Coup de tonnerre sur le continent. La Confédération africaine de football (CAF) vient d’annuler le sacre du Sénégal de la CAN 2025. Jugés coupables d’un abandon temporaire de terrain lors de la finale, les Lions de la Teranga perdent leur titre sur tapis vert. Le Maroc est officiellement déclaré vainqueur.

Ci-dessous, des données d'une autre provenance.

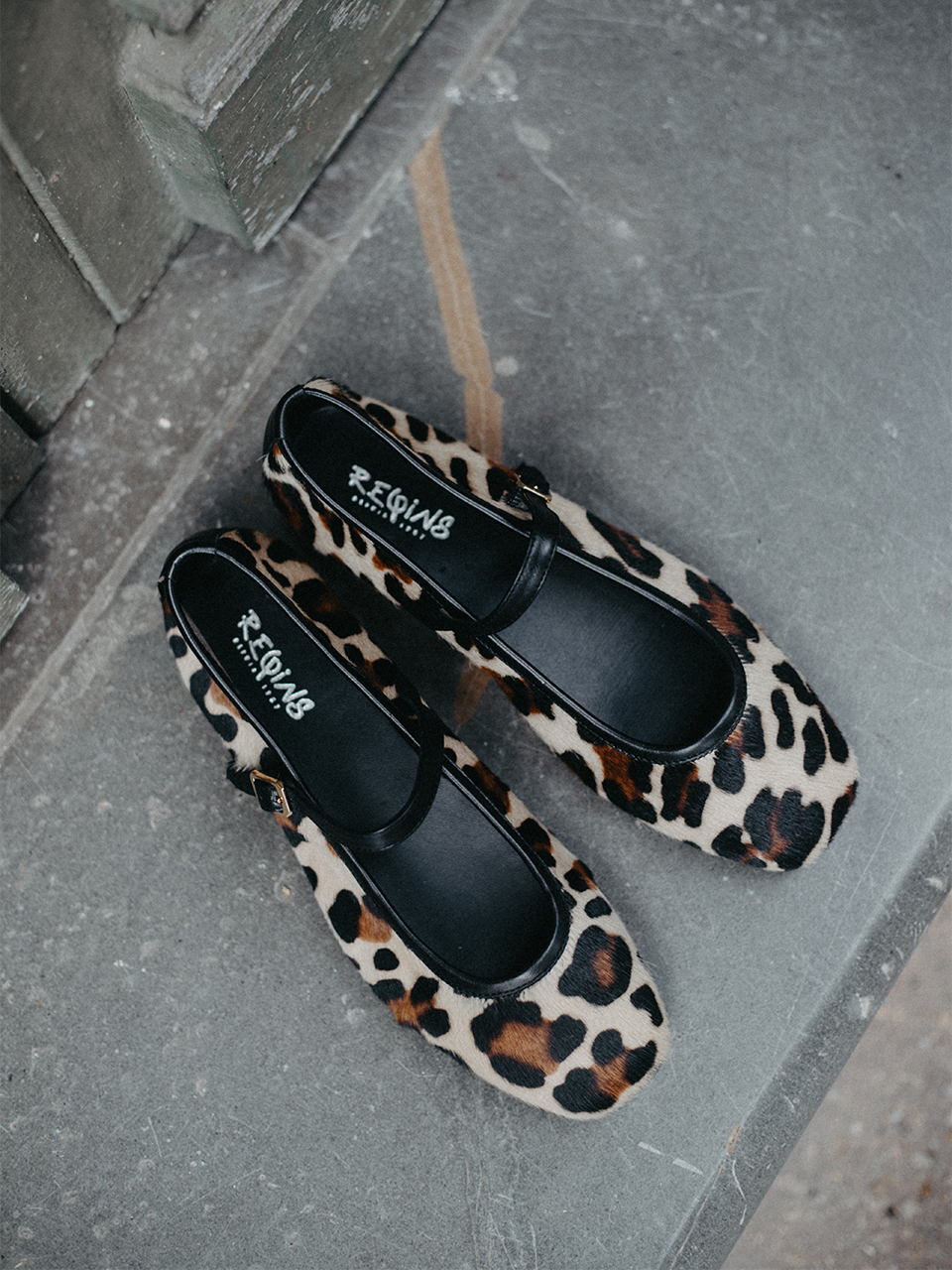 리얼 송치 소재에 레오파드 패턴을 입혀 유니크하면서도 세련된 분위기가 느껴지는 모델입니다.

Le verdict de la Commission d’appel de la CAF est tombé comme un couperet. Alors que le Sénégal célébrait sa victoire (1-0) acquise de haute lutte à Rabat en janvier dernier, l’instance continentale a décidé d’effacer ce résultat sportif pour le transformer en une défaite par forfait (3-0).

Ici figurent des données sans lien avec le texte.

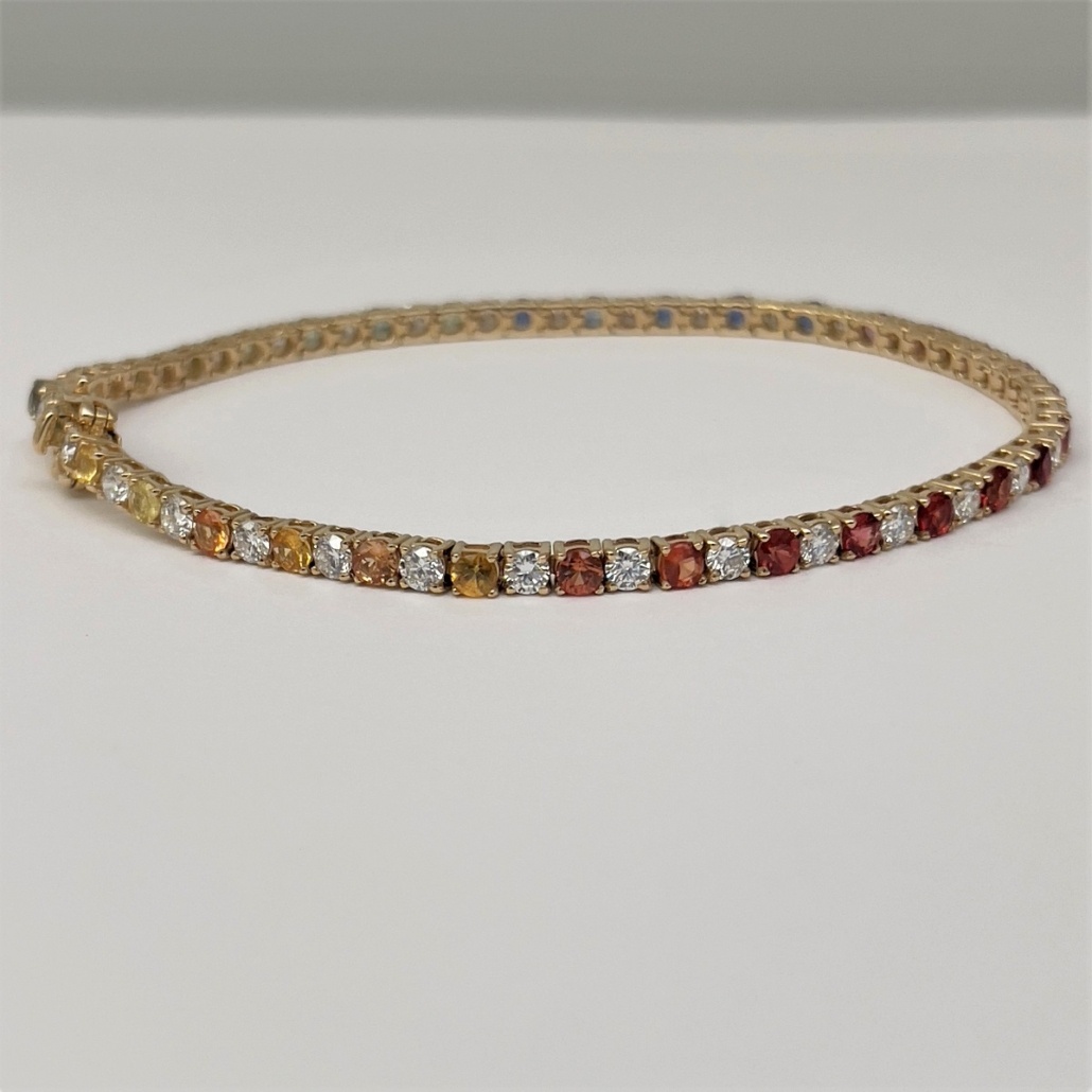 This Colorful Bracelet Is Made With Multi-Colored Sapphires Set On 14k Yellow Gold And Accompanied By Round Brilliant Cut Diamonds

A l’origine de ce revirement spectaculaire, un incident survenu durant la finale. Pour protester contre une décision arbitrale, les joueurs sénégalais avaient brièvement quitté la pelouse avant de reprendre le jeu. Si le résultat avait été validé dans un premier temps, la Fédération royale marocaine de football (FRMF) a obtenu gain de cause en appel. La CAF a jugé que cet arrêt de jeu volontaire constituait une « violation grave » du règlement disciplinaire.

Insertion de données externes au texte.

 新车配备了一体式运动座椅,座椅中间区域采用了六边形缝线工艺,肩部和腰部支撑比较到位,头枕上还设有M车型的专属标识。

Le Sénégal contre-attaque devant le TAS
La réaction de Dakar ne s’est pas fait attendre. La Fédération sénégalaise de football (FSF) fustige une décision qu’elle juge « injuste et sans fondement ». Pour les autorités sportives sénégalaises, le fait que le match soit allé à son terme suffit à valider le score acquis sur le terrain.
Refusant de rendre le trophée sans combattre, le Sénégal a annoncé saisir immédiatement le Tribunal arbitral du sport (TAS) à Lausanne.
Cette bataille juridique, qui s’annonce longue, plonge la CAN dans une zone de turbulences inédite. Au-delà du score, c’est toute la crédibilité de la gouvernance du football africain qui est aujourd’hui remise en question. En attendant le verdict final du TAS, le continent assiste, médusé, à un sacre qui se joue désormais dans les bureaux plutôt que dans les stades.
Rétro : ces matchs de la CAF qui ont basculé « sur tapis vert »
Si le retrait d’un titre de champion d’Afrique est une première, les décisions administratives ont déjà marqué l’histoire des compétitions continentales. En 2019 : L’affaire du « Rades-gate » (Ligue des Champions). Lors de la finale retour entre l’Espérance de Tunis et le Wydad Casablanca, les Marocains avaient quitté le terrain pour protester contre une panne de la VAR. Après des mois de bataille juridique, la CAF avait finalement déclaré le Wydad perdant par forfait, offrant le titre à l’Espérance.
Disqualification de la RD Congo (Éliminatoires CAN 2012). Les Léopards avaient perdu leur match contre l’Île Maurice sur tapis vert pour avoir aligné un joueur non éligible. Une erreur administrative qui avait coûté cher à la sélection congolaise.
1996 : le retrait du Nigéria (CAN en Afrique du Sud). Champion en titre, le Nigéria s’était retiré de la compétition pour des raisons politiques. La CAF avait alors banni les Super Eagles pour deux éditions consécutives, une sanction exemplaire à l’époque.
A noter qu’un match perdu par forfait est automatiquement crédité d’un score de 3-0 en faveur de l’adversaire, conformément aux règlements de la FIFA et de la CAF.